## [Dataset content]
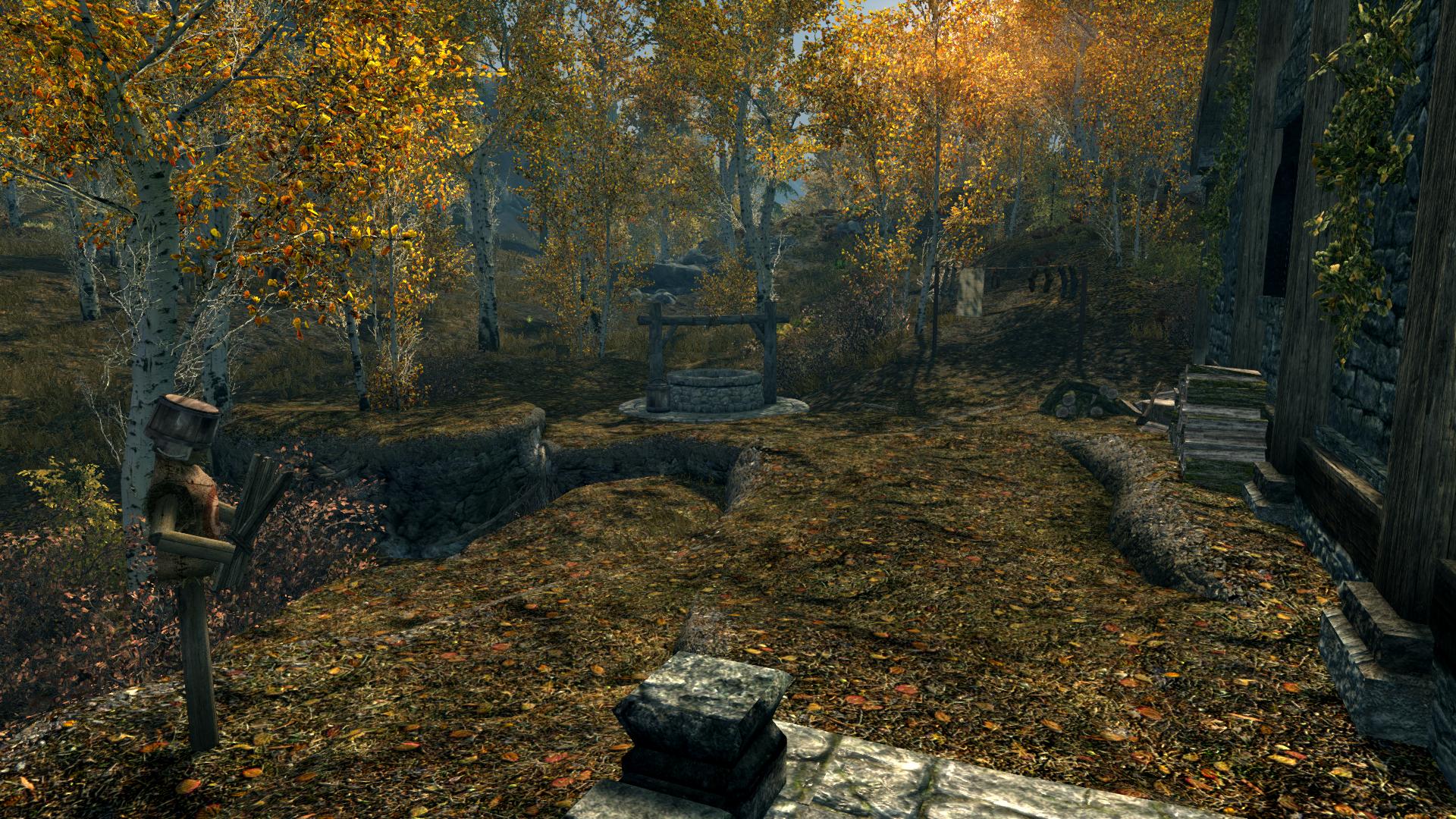 - Колодец (по ссылке на оригинал можно дополнительно скачать патч для естественных потребностей, что даст возможность набирать питьевую воду), колода для рубки дров, конюшня на одну лошадь.
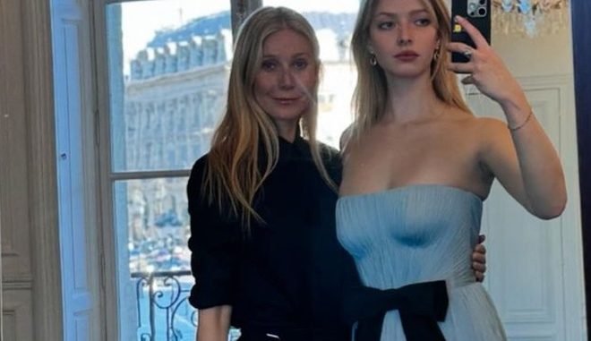 Епл одягла ту ж саму елегантну чорну сукню Calvin Klein, яку Пелтроу вперше носила майже 30 років тому на прем’єрі фільму «Емма» у липні 1996 року. Як і її мати в 90-х, Еппл обрала мінімалістичний образ, зробивши шикарну зачіску і вдягнувши сережки з діамантами. Сама Пелтроу вдягла на захід вишукану чорну сукню з оксамитовим ліфом, вирізом і великим бантом на плечі.
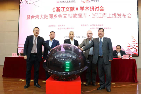 昨天,由中国社会科学院和中华全国台湾同胞联谊会共同指导,温州大学、社会科学文献出版社联合主办的《浙江文献》学术研讨会暨台湾大陆同乡会文献数据库·浙江库上线发布会在温州大学召开。发布会由温州大学图书馆馆长陈安金主持,全国政协常委、中华全国台湾同胞联谊会副会长、浙江省政协副主席张泽熙先生,温州大学党委书记谢树华,社会科学文献出版社总编辑杨群出席会议并致辞,温州大学徐和昆副校长,温州市委党校王健教育长,以及来自浙江大学、中山大学、温州大学、宁波大学、温州医科大学等高校和研究机构的数十位知名专家学者以及来自温州市图书馆、博物馆、纪念馆的嘉宾出席了此次会议。

## [Exercise]
Quote everything in the listing above exactly; pictures are the only thing to omit.

## [Expected answer]
 - Колодец (по ссылке на оригинал можно дополнительно скачать патч для естественных потребностей, что даст возможность набирать питьевую воду), колода для рубки дров, конюшня на одну лошадь.
 Епл одягла ту ж саму елегантну чорну сукню Calvin Klein, яку Пелтроу вперше носила майже 30 років тому на прем’єрі фільму «Емма» у липні 1996 року. Як і її мати в 90-х, Еппл обрала мінімалістичний образ, зробивши шикарну зачіску і вдягнувши сережки з діамантами. Сама Пелтроу вдягла на захід вишукану чорну сукню з оксамитовим ліфом, вирізом і великим бантом на плечі.
 昨天,由中国社会科学院和中华全国台湾同胞联谊会共同指导,温州大学、社会科学文献出版社联合主办的《浙江文献》学术研讨会暨台湾大陆同乡会文献数据库·浙江库上线发布会在温州大学召开。发布会由温州大学图书馆馆长陈安金主持,全国政协常委、中华全国台湾同胞联谊会副会长、浙江省政协副主席张泽熙先生,温州大学党委书记谢树华,社会科学文献出版社总编辑杨群出席会议并致辞,温州大学徐和昆副校长,温州市委党校王健教育长,以及来自浙江大学、中山大学、温州大学、宁波大学、温州医科大学等高校和研究机构的数十位知名专家学者以及来自温州市图书馆、博物馆、纪念馆的嘉宾出席了此次会议。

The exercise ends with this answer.